Зато как приятно было потом в бане! Вся усталость и раздражение от спортивных неудач ушли далеко-далеко, а молодое, сильное тело вновь жаждало деятельности. Баня была одним из двух, наряду с двухэтажкой для начальства, сооружений в жилом городке, которые с натяжкой можно было назвать капитальными. Она гордо возвышалась над брезентовыми шатрами палаток. Когда Алексей с Матвеем приехали в Потехино в феврале, баня уже была. Говорят, ее нашли где-то на окраине Потехино и по приказу Вигулиса перевезли на территорию Соцгорода в разобранном виде. Банным стал выходной день шестидневки, в будни приходилось после работы довольствоваться рукомойниками да обливанием по пояс. Но это сейчас, когда наступили теплые деньки, раньше подобную водную процедуру позволяли себе только самые отчаянные. Ничего, впереди лето. Светлыми вечерами теперь можно будет бегать купаться на тихую спокойную Мотовилиху, несущую свои воды в направлении неблизкого Дона.

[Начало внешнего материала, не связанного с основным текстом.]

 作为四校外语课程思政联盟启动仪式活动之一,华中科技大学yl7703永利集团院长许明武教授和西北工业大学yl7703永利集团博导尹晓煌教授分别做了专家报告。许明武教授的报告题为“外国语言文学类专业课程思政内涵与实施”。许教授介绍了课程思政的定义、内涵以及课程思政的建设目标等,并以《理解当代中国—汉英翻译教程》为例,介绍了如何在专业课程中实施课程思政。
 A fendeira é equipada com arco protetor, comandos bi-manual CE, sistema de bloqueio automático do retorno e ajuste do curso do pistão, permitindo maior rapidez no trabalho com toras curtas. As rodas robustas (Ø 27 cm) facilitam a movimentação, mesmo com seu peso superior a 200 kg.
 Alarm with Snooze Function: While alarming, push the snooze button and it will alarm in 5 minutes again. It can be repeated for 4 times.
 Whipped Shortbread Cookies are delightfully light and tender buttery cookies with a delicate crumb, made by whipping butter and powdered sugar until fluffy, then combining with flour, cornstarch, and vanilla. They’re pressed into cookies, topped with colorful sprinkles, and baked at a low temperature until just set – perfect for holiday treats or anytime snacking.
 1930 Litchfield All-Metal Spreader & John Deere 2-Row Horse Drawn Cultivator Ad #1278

Лешка представил себя лежащим на берегу Мотовилихи вместе с Полей, и у него в груди начало разливаться будоражащее тепло.

Сама же Павлина вместе с Люсей хлопотали около большого котла с опостылевшим всем до предела пшеном. Чертовски хотелось мяса, но все попытки решить вопрос с Потехинским райисполкомом к результату пока не привели. Соседние колхозы тоже ничем помочь не могли. Они еще по осени выскребли у себя все, что могли, и по мясу, и по зерну, сдали государству, а сами перезимовали на одном честном слове. Сушеного мяса, вяленой рыбы и подмерзшей картошки хватило на строительстве до конца февраля, а дальше осталось пшено и еще раз пшено. Хорошо, сейчас первые огурцы появились – края-то как-никак южные. Воодушевившаяся Люся уже несколько раз клятвенно заверяла, что вскоре будет потчевать бригаду не просто пшенкой, а пшенкой с вишнями!

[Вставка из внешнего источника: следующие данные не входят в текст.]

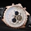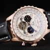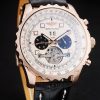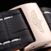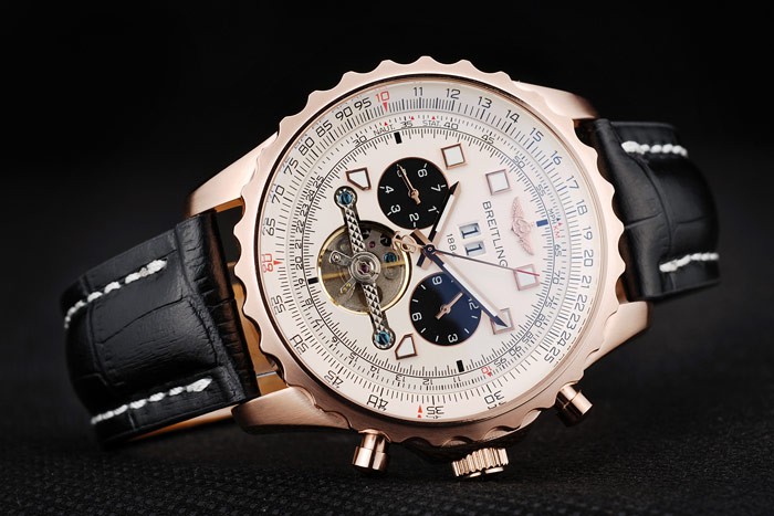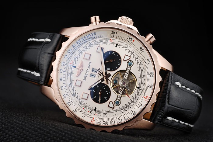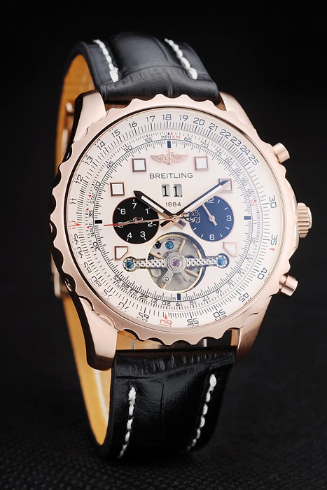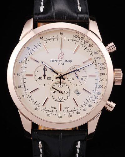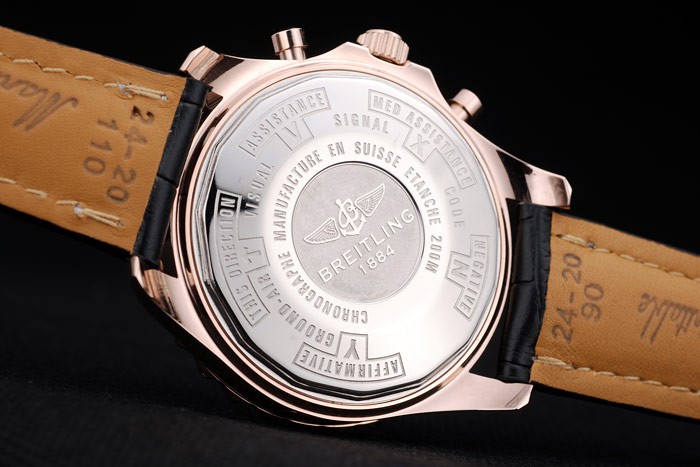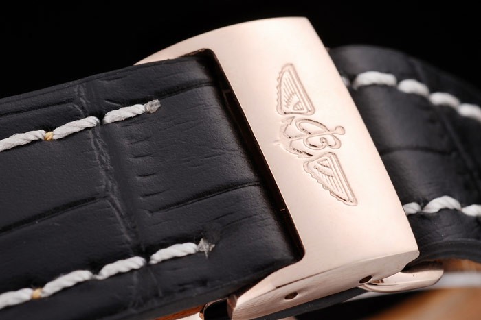 Bracelet: Heat embossed Breitling Replica name and logo black crocodile leather strap with white thread stiching and logo engraved rose-gold plated fold-in clasp
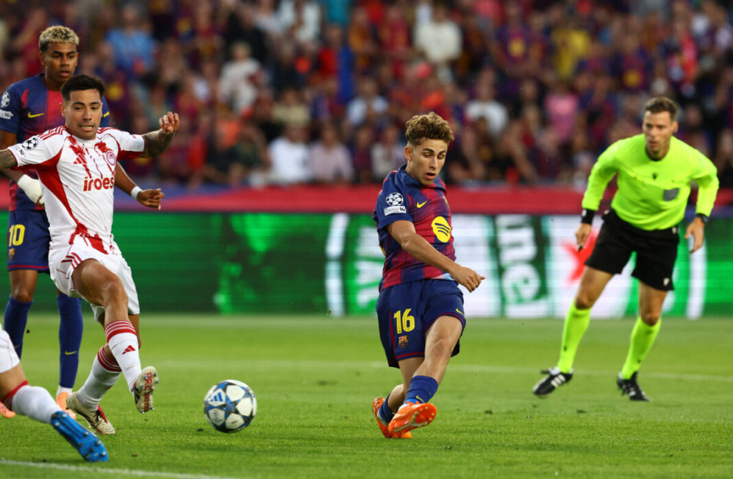 Σε ταχύτατη αντεπίθεση των Καταλανών, ο Τζολάκης σταμάτησε αρχικά τον Γιαμάλ αλλά η μπάλα έφτασε στον Ισπανό, που κατάφερε να σκοράρει παρότι υπήρχαν αμυντικοί του Ολυμπιακού μπροστά του.
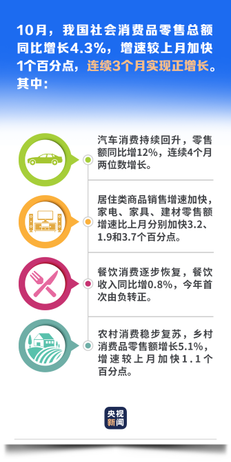 国家统计局11月16日公布的数据显示,10月我国餐饮收入4372亿元,同比增长0.8%,增速年内首次转正。餐饮业的不断回暖、消费市场的日益复苏,显示出在国民经济稳中向好、长期向好的态势下,居民消费能力逐步恢复。
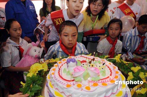 5月29日,來(lái)自四川青川縣喬莊鎮(zhèn)的李新婷在鄭州骨科醫(yī)院病房?jī)?nèi)過(guò)十一歲生日,醫(yī)護(hù)人員、熱心市民為這位來(lái)自四川災(zāi)區(qū)的小傷員送上了生日蛋糕、小書包等禮物。中新社發(fā) 李志全 攝
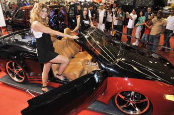 10月18日,第五届极限车展在巴西圣保罗举办,近百家参展商展出各种经过改装、装饰的汽车,吸引了上万名观众参观。新华社记者

Однако сегодня миски снова наполнились самой обычной пшенной кашей, от которой сводило скулы. То ли дело вчера: стол хоть и бедненький, но все-таки праздничный – из неприкосновенного запаса, вскрытого по прямому указанию начальства.

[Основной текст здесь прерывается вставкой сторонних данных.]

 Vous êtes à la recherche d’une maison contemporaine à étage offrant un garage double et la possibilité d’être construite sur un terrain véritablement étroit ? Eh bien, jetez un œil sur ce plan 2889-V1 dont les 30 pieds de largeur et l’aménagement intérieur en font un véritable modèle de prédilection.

Лешка похлопал Матвея по плечу:

– Ничего, Матюха, крепись! Еще три года и в армию, там тебя мясом с гречкой накормят и настоящим человеком сделают, перестанешь музейные портретики разглядывать!

У Зарубина сил хватило только на то, чтобы промычать заполненным пшенкой ртом:

– А пошел ты…

Долгий весенний день готовился смениться тихой ночью. Костер постепенно затухал, напоминая о том, что пора забираться в палатку. Завтра снова подъем в шесть ноль-ноль, когда нестерпимо хочется спать.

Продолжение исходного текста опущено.